It can vectorize, parallelize on the CPU, or offload to the GPU automatically.
It's a very mature project, maybe 10+ years old.
In particular, compare you JAX’s vmap — one model for vmap is that it is a program transformation on first order functions, that returns a first order function (“function” is a bit wonky here: but it’s JAX’s Jaxpr representation), but vmap itself is not a primitive in the Jaxpr language.
Is the same true here about map (can I think of it like vmap)? Or is it true that I can define higher order functions and Accelerate will handle them? What about functions with recursion?
Thanks! If you happen to see this - Futhark is very cool.

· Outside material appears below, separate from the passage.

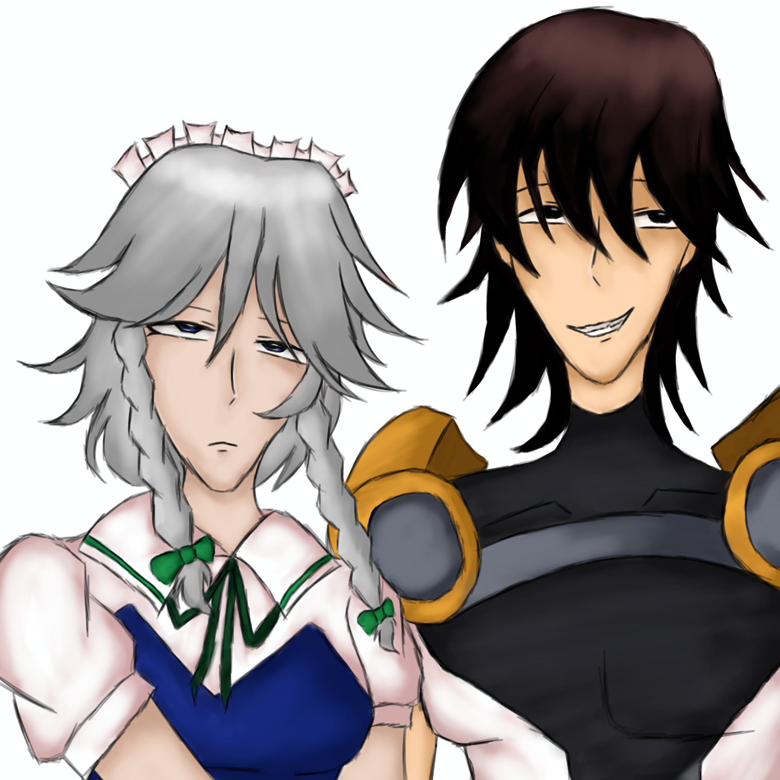 1boy1girlapronblack eyesblack hairblue dressblue eyesbodysuitbraidbreastsbreylyn.xclosed mouthdressgreen ribbongrey hairindonesian commentarymaidmaid headdressribbonsmilespiked hairsuperhero costumeteethtwin braidstwintails
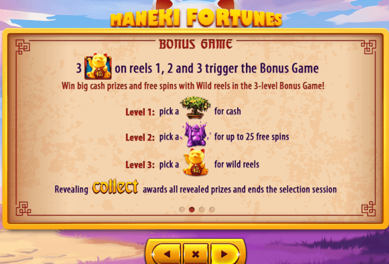 The bonus game is triggered when three Lucky Cats are spun which then reveals three additional levels.

I'm not a Jax expert. Accelerate's 'map' allows for almost arbitrary sequential code - there is some fine print, because it's an embedded language, and the biggest fine print is that nested parallelism is not allowed. You can define your own Haskell-level higher order functions, and Accelerate will handle them just fine, because essentially all the Haskell-level computation is "compiled away" (by being run) before the Accelerate code is JIT-compiled at run-time. You can consider Haskell to be a meta-language in which you ultimately construct Accelerate program terms, and then those are compiled and run - not too dissimilar from how Jax does it, actually.

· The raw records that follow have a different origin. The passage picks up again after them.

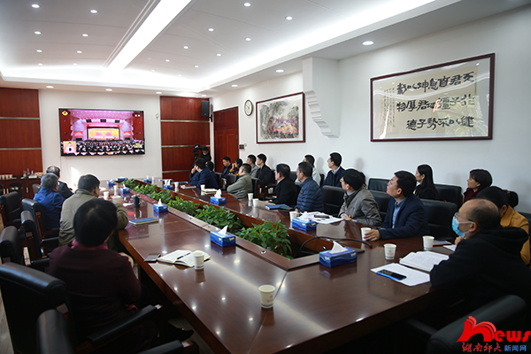 (记者 马铁泉 刘小松)11月25日上午,中国共产党湖南省第十二次代表大会在长沙隆重召开。校党委书记蒋洪新、校长刘起军参加现场会议,全体在家校领导以及校党委理论学习中心组成员在校办公楼二会议室集中收看了大会直播。各二级党组织分别组织各单位师生通过网络直播、微博、微信、客户端等平台收看收听了大会盛况。
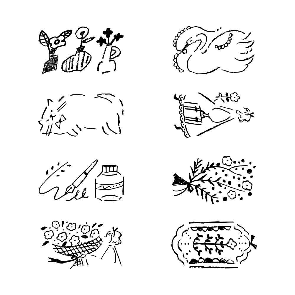 フレンチブロカントをイメージしつつ、雑貨や動物をラフなタッチで表現したデザインです。
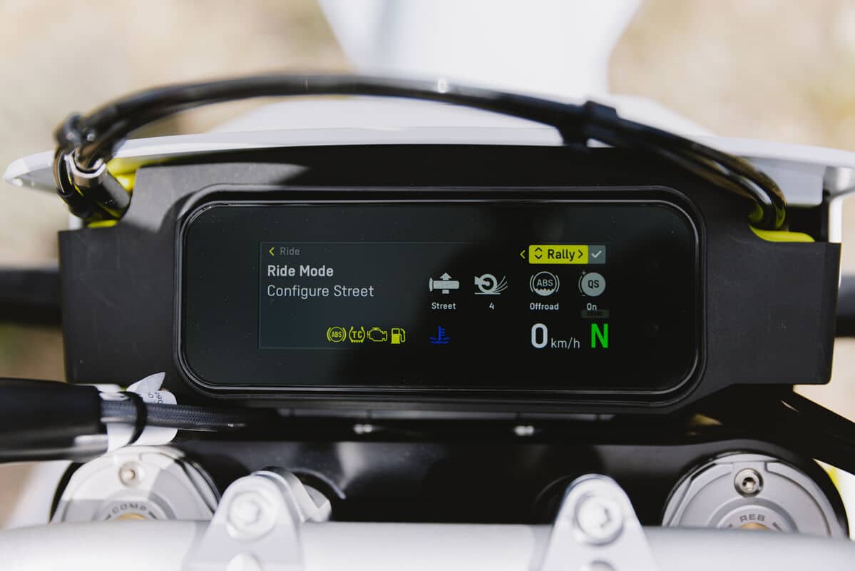 La 701 Enduro 2026 adopte un tableau de bord TFT 4,2 pouces en format paysage, avec connectivité via l’application Ride HQV (musique, appels, navigation). Depuis le guidon, le pilote peut sélectionner différents modes de conduite et régler l’antipatinage (MTC) ou l’ABS.

Recursion works, but for an uninteresting reason: the recursion is on the Haskell side, and will essentially be unrolled before Accelerate gets its hand on it. This allows you to do some fun things (like partially evaluating a ray tracer on its scene description), but it's often not what you want, and Accelerate provides some combinators (that look like higher-order Haskell functions) for expressing sequential looping.
Jokes aside, types should help a lot.
also, accelerate was first published to Hackage in 2009 though so it isn't an especially new thing.
I'd go so far as to say that any submission with a title that is less three words should get automatically binned, and posts to software projects should be required to explain in the title what the software is/does.
Is it just me or is this post also clearly vote-manipulated? Either that or a lot of NumPy people are hanging around on HN early on a Saturday morning.
/s
Overlaps in naming happen, especially when we all want to choose simple and catchy words like "Accelerate."